EXERCISE INSTRUCTIONS
Transcribe the entries exactly. Start at the top, stop after the line with "一、请阅读下面关于朱德同志的", and omit every picture.

Dataset records
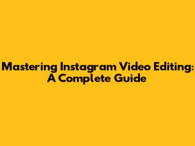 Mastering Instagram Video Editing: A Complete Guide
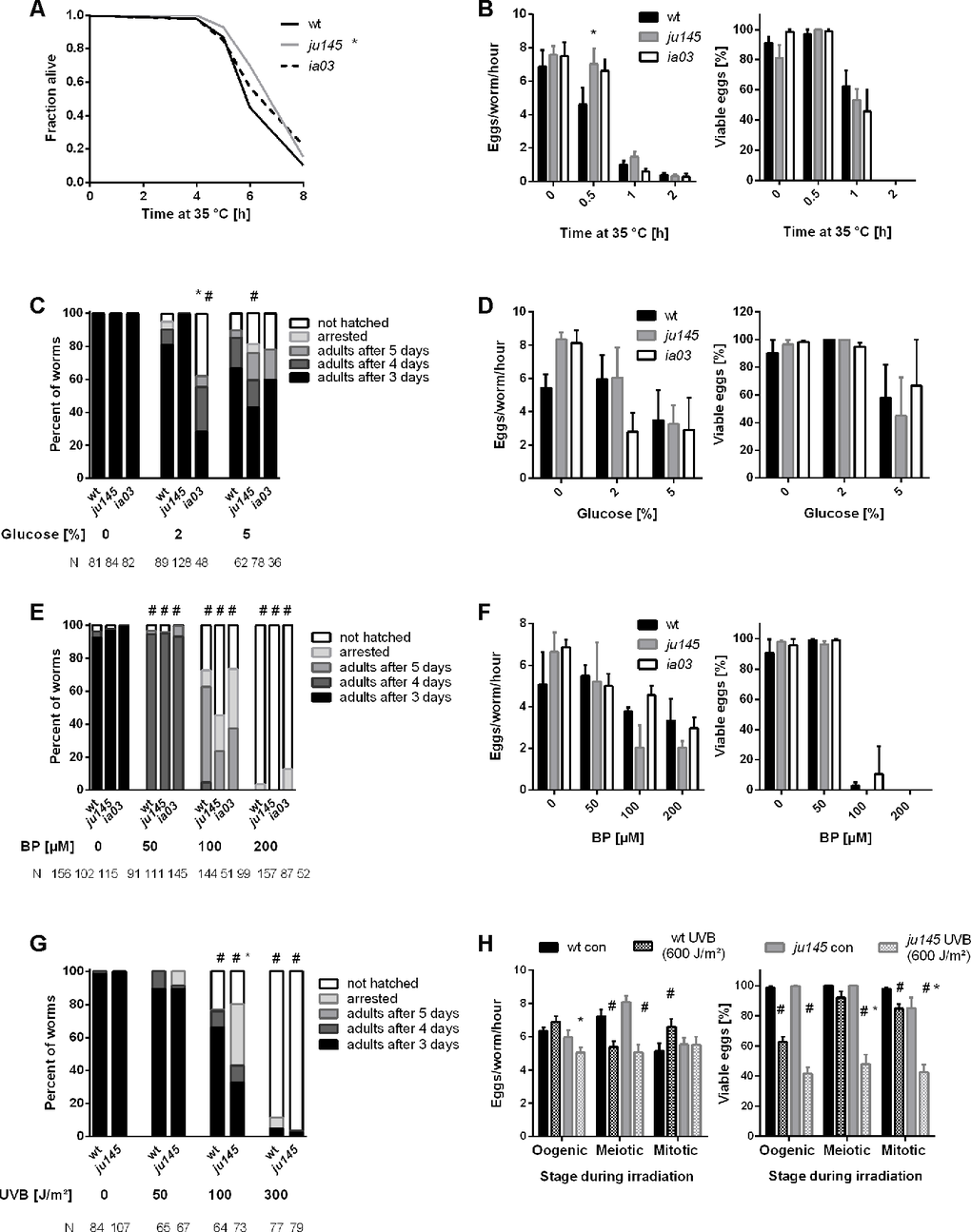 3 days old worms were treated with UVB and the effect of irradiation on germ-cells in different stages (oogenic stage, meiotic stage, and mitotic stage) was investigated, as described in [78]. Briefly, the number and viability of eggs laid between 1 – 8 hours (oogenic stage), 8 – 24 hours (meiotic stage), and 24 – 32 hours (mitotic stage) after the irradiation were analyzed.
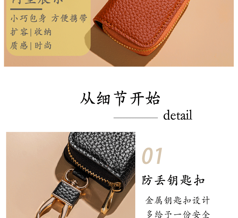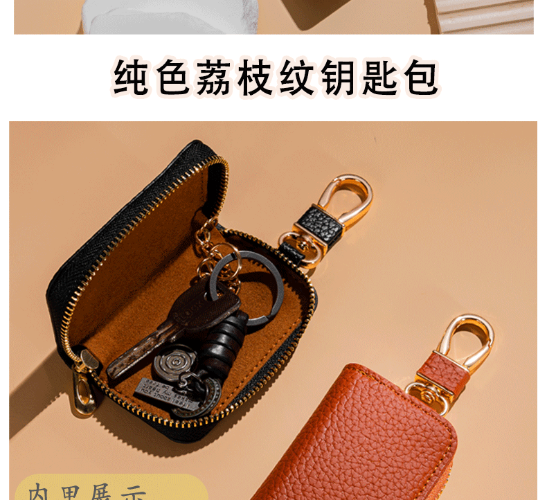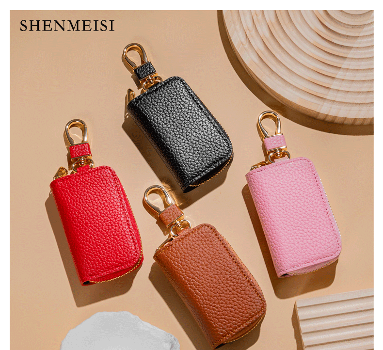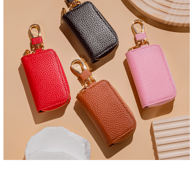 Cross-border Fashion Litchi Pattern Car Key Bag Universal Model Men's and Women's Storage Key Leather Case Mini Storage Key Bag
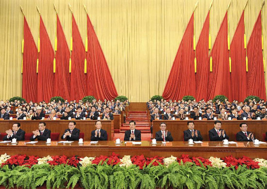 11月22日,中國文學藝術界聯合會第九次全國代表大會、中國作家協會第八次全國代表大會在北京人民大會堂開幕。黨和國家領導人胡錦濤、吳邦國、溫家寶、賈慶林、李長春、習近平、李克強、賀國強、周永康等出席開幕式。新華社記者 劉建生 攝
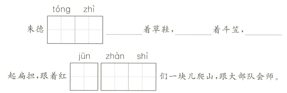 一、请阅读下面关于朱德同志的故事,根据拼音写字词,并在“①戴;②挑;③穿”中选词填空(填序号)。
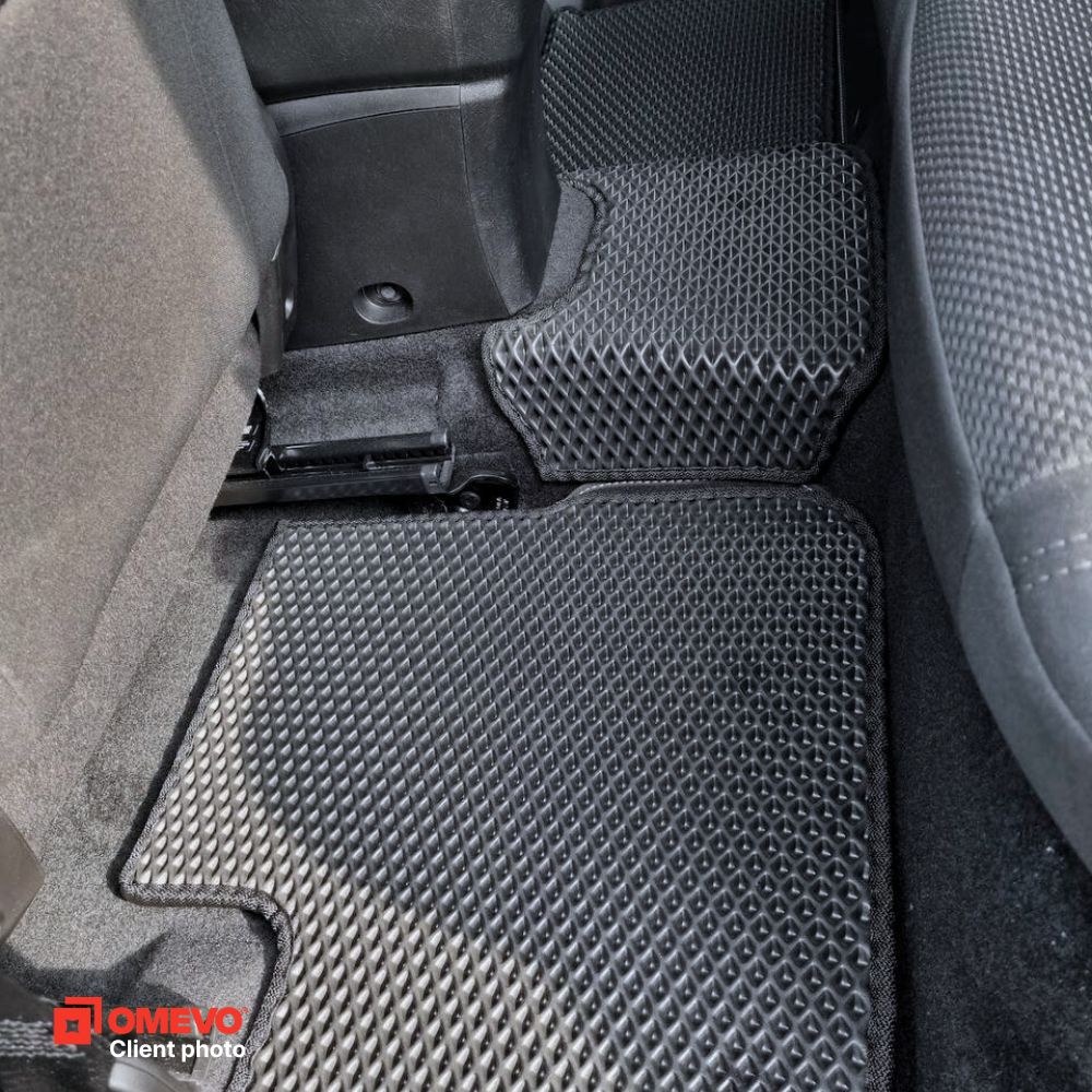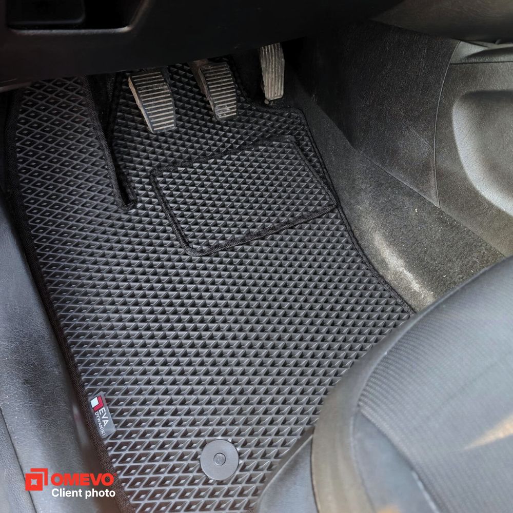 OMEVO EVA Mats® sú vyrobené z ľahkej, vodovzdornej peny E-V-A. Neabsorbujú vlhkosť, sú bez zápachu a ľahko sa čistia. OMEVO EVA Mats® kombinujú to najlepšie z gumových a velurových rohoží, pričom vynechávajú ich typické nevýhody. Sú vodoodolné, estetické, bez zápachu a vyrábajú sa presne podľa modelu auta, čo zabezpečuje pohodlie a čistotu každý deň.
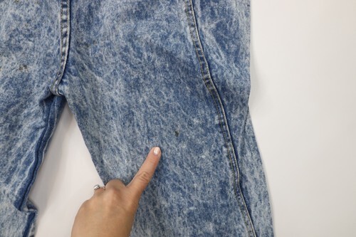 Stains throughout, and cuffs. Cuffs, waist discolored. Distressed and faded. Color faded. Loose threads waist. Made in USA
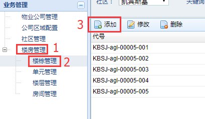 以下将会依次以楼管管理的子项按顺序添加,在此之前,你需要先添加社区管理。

ANSWER SPACE
 Mastering Instagram Video Editing: A Complete Guide
 3 days old worms were treated with UVB and the effect of irradiation on germ-cells in different stages (oogenic stage, meiotic stage, and mitotic stage) was investigated, as described in [78]. Briefly, the number and viability of eggs laid between 1 – 8 hours (oogenic stage), 8 – 24 hours (meiotic stage), and 24 – 32 hours (mitotic stage) after the irradiation were analyzed.
 Cross-border Fashion Litchi Pattern Car Key Bag Universal Model Men's and Women's Storage Key Leather Case Mini Storage Key Bag
 11月22日,中國文學藝術界聯合會第九次全國代表大會、中國作家協會第八次全國代表大會在北京人民大會堂開幕。黨和國家領導人胡錦濤、吳邦國、溫家寶、賈慶林、李長春、習近平、李克強、賀國強、周永康等出席開幕式。新華社記者 劉建生 攝
 一、请阅读下面关于朱德同志的故事,根据拼音写字词,并在“①戴;②挑;③穿”中选词填空(填序号)。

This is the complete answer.